→ GIVEN MATERIAL
------------------------------------

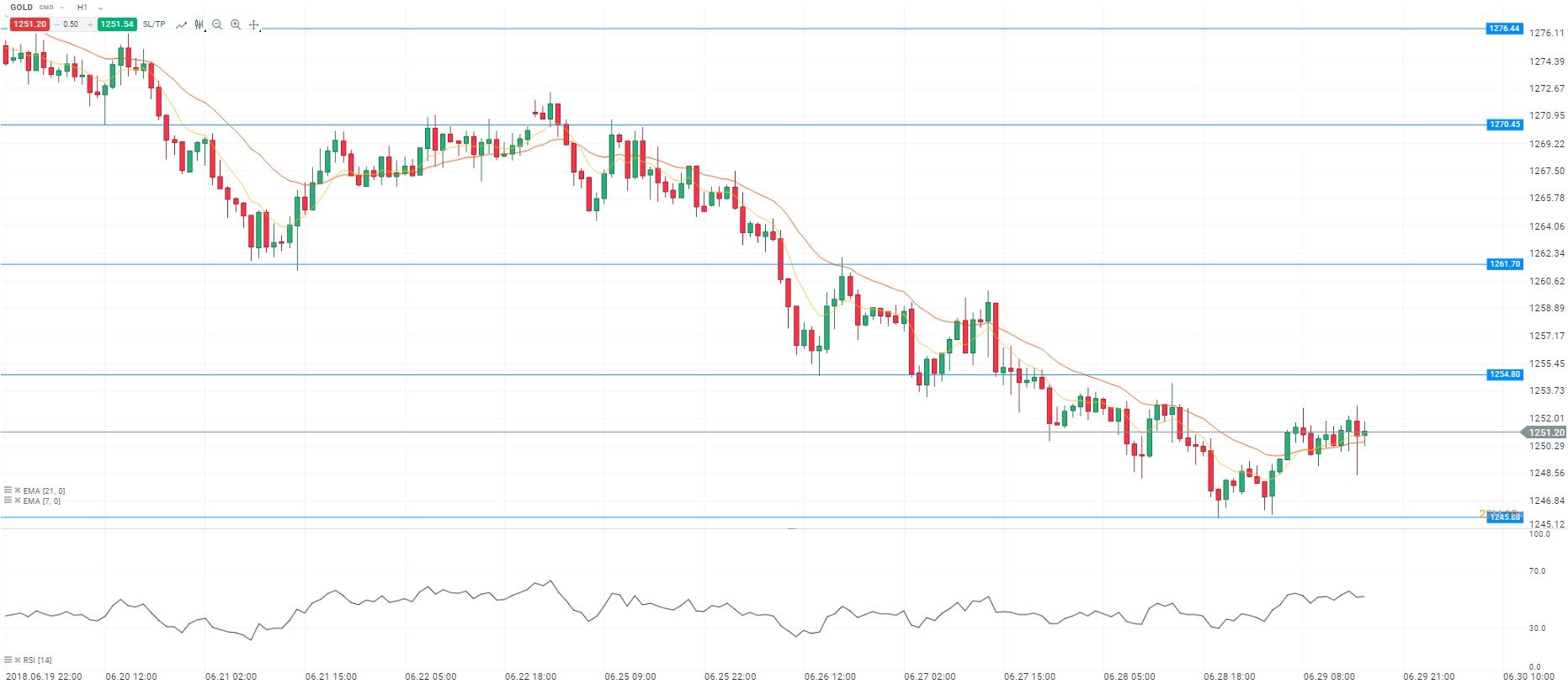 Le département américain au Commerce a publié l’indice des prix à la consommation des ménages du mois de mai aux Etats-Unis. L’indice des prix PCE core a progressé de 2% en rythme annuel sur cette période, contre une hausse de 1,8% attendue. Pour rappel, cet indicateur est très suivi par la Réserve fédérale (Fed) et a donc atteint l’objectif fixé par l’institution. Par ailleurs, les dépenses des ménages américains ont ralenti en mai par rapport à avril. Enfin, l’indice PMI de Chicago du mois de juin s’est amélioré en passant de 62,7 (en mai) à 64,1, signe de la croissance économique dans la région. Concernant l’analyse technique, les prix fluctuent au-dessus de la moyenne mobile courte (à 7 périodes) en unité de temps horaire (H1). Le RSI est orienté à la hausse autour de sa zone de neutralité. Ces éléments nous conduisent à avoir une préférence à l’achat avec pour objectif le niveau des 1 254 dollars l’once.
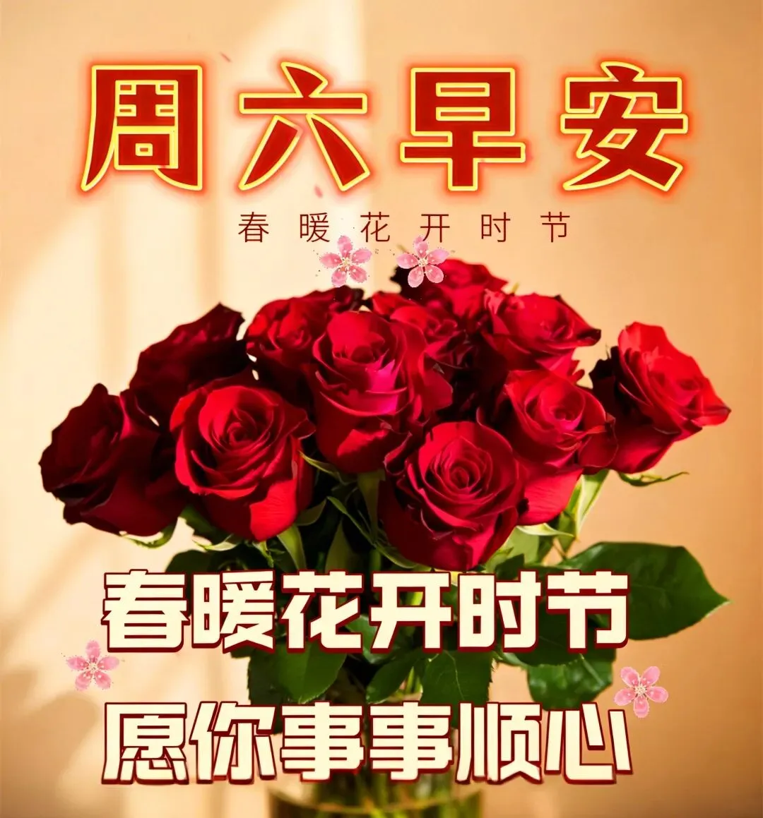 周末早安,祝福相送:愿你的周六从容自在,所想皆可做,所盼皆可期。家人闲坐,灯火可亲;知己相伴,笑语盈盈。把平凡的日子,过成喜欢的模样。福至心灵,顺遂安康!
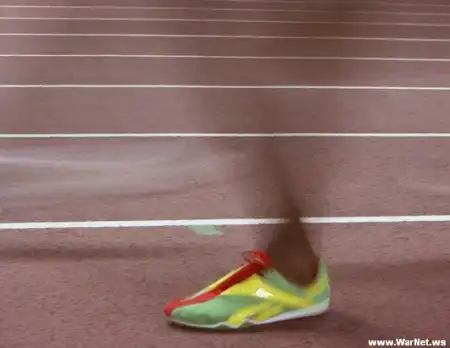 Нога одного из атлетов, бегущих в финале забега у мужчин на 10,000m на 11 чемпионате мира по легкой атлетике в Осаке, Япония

------------------------------------

→ WHAT YOU NEED TO DO
For this exercise, output only the lines from the one bearing "周末早安,祝福相送:愿你的周" to the end of the material above, exactly as written, with pictures left out.

→ RESPONSE TO THE EXERCISE
 周末早安,祝福相送:愿你的周六从容自在,所想皆可做,所盼皆可期。家人闲坐,灯火可亲;知己相伴,笑语盈盈。把平凡的日子,过成喜欢的模样。福至心灵,顺遂安康!
 Нога одного из атлетов, бегущих в финале забега у мужчин на 10,000m на 11 чемпионате мира по легкой атлетике в Осаке, Япония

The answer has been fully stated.